Ebenfalls im Jahre 1970 fand vor dem 4. Strafsenat des Oberlandesgerichts Düsseldorf der Prozess zum Diebstahl einer »Sidewinder«-Rakete statt. Wieder vertraten Ernst Träger und mein Vater die Anklage. In diesem Prozess muss es teils recht amüsant zugegangen sein. Der Vorfall war ja auch kurios: Die drei Angeklagten hatten die Rakete im Jahre 1967 nachts auf dem Bundeswehr-Fliegerhorst in Neuburg an der Donau gestohlen und, da sich die mitgebrachte Sackkarre als zum Transport ungeeignet erwies, auf dem Rücken fortgetragen. Anschließend wurde sie in Einzelteile zerlegt und per Luftfracht nach Moskau verschickt. Nicht einmal dort wollte man das Husarenstück glauben. Selbst der Senatspräsident musste immer wieder lachen und entschuldigte sich bei den Angeklagten mit den Worten, die Sache sei doch zu komisch.
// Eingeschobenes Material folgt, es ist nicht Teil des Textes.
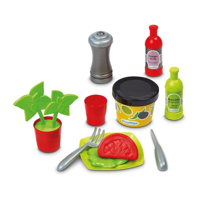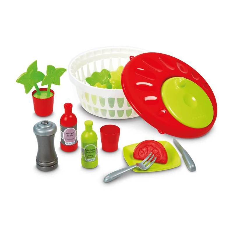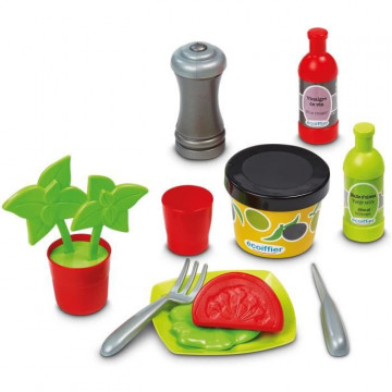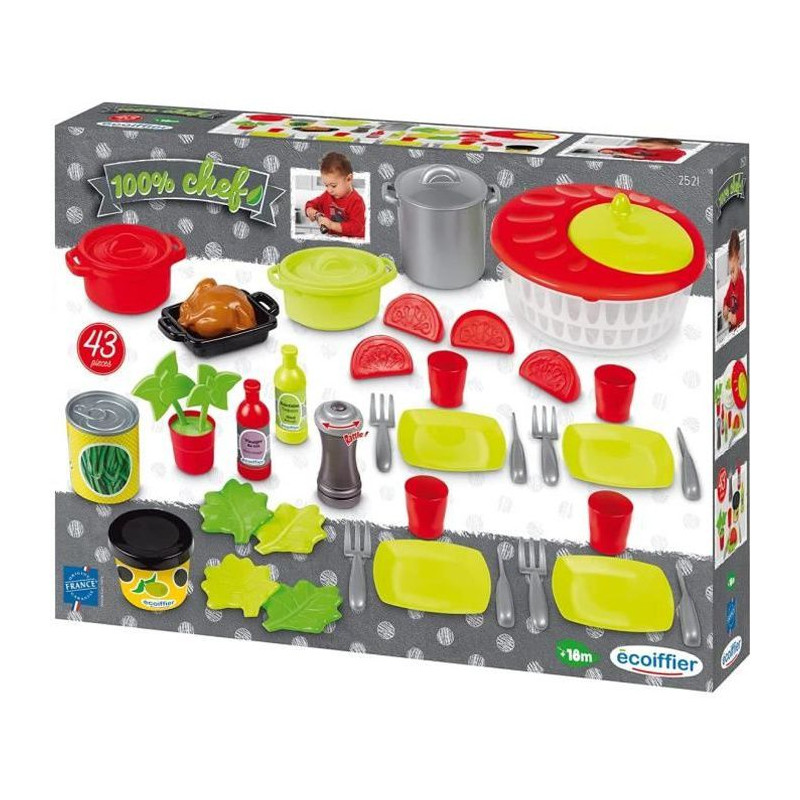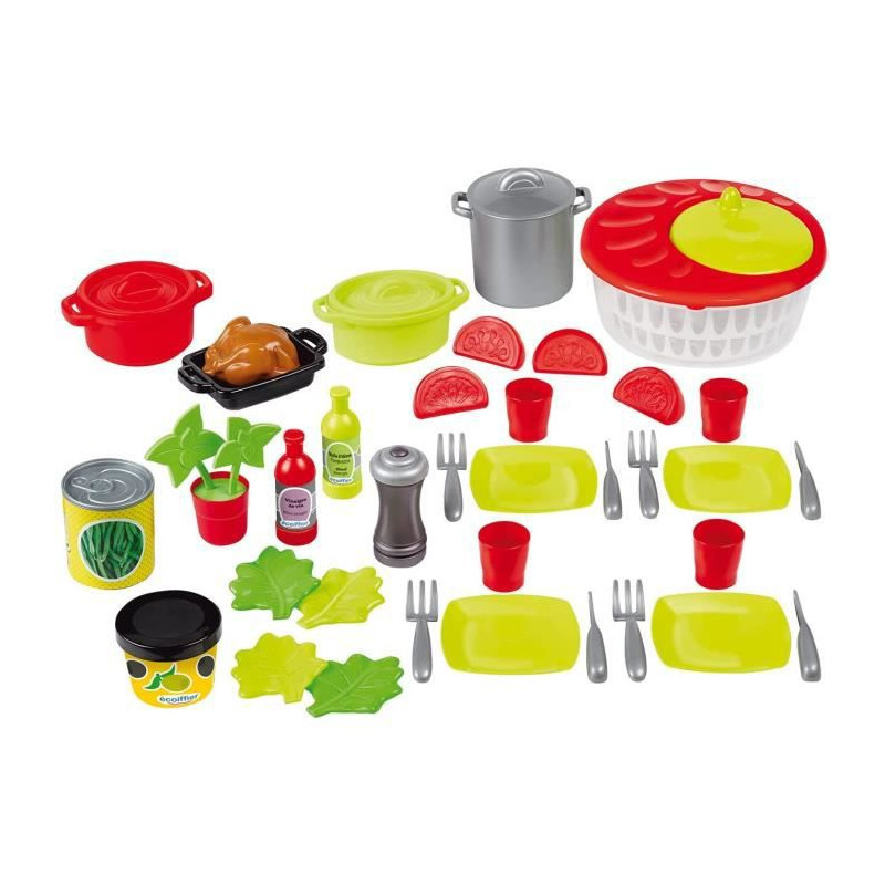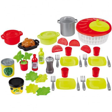 Ce kit de dinette contient de nombreux accessoires dont une essoreuse a salade, des marmites, une poivriere, du basilic, du poulet .....43 pieces .Des 18 mois. Origine France Garantie

Zwei der drei Angeklagten wurden zu vier Jahren Haft, der dritte zu dreieinhalb Jahren verurteilt.

Trotz des hohen dienstlichen Einsatzes meines Vaters dauerte es fast acht Jahre, bis er zum Bundesanwalt befördert wurde. Diese Zeitspanne war enorm, etwa im Vergleich zu derjenigen seines Vorgängers: Ludwig Martin wurde 1951 vom Bundesjustizministerium an die Bundesanwaltschaft abgeordnet, dort bereits fünf Monate später Oberstaatsanwalt und schon 1952 Bundesanwalt. Mein Vater musste sich viel länger gedulden. Er wurde erst am 27. April 1971 Bundesanwalt. Hans Schueler konstatierte am 30. Mai 1974 in der Zeit: »Die bisherige Karriere des neuen Generalbundesanwalts verlief, gemessen an den Erfolgen seiner Arbeit, ungewöhnlich langsam.« Hierzu mag beigetragen haben, dass es damals für Nichtkatholiken eher schwierig war, in der Bundesanwaltschaft befördert zu werden. So nützte es meinem evangelischen Vater auch nichts, dass Generalbundesanwalt Martin 1967 in einem Dienstzeugnis ausführte, mein Vater zeichne sich durch vorbildliches Pflichtgefühl und stete Einsatzbereitschaft aus. »Besonders hervorzuheben sind seine scharfe Beobachtungsgabe und die Selbständigkeit seines Urteils.« Und weiter, er »weiß die Ermittlungen straff und erfolgreich zu führen. Dabei achtet er streng auf die Einhaltung der Verfahrensregeln und die Wahrung der Rechte der Beschuldigten. Einen von ihm als richtig erkannten Standpunkt vertritt der Beamte mit Freimut und Nachdruck, ohne sich jedoch besseren Argumenten zu verschließen.«

Die Begriffe »Freimut« und »Nachdruck« weisen auf Charaktermerkmale meines Vaters hin. Er war nicht der Beamte, der zu allem »Ja und Amen« sagte, sondern er machte seine Gegenvorstellung durchaus deutlich, auch wenn er wusste, dass er sie im Zweifelsfalle nicht gegenüber einem Vorgesetzten würde durchsetzen können. Das Ducken nach oben und Treten nach unten waren seine Sache nicht.

Bundesanwalt

Mit der Beförderung zum Bundesanwalt wurde mein Vater gleichsam offiziell zur »Feuerwehr« der Behörde. Ihm wurde das heikle Ermittlungsverfahren gegen Julius Steiner übertragen, der 1969 über die Landesliste der CDU Baden-Württemberg in den Bundestag gelangt war. Steiner arbeitete, wie man bei Wikipedia nachlesen kann, nach dem Krieg bis 1952 für den französischen Geheimdienst. Dann studierte er Philosophie, Geschichte und Theologie, allerdings ohne Abschluss. Bis 1957 war er für den Verfassungsschutz tätig und danach für den Bundesnachrichtendienst. Bekannt wurde er in Zusammenhang mit dem konstruktiven Misstrauensvotum gegen Willy Brandt am 27. April 1972, durch das Rainer Barzel Bundeskanzler werden wollte. Barzel fehlten dann aber zwei CDU-Stimmen zur absoluten Mehrheit. Steiner erklärte gegenüber dem Spiegel (23/1973), er habe einen weißen Zettel eingeworfen, sich also – obwohl Parteigenosse von Barzel – der Stimme enthalten, da er Brandts Ostpolitik unterstützen wollte. Er behauptete zudem, für diese Stimmenthaltung 50 000 DM vom Parlamentarischen Geschäftsführer der SPD-Fraktion, Karl Wienand, erhalten zu haben. Das bestritt Wienand.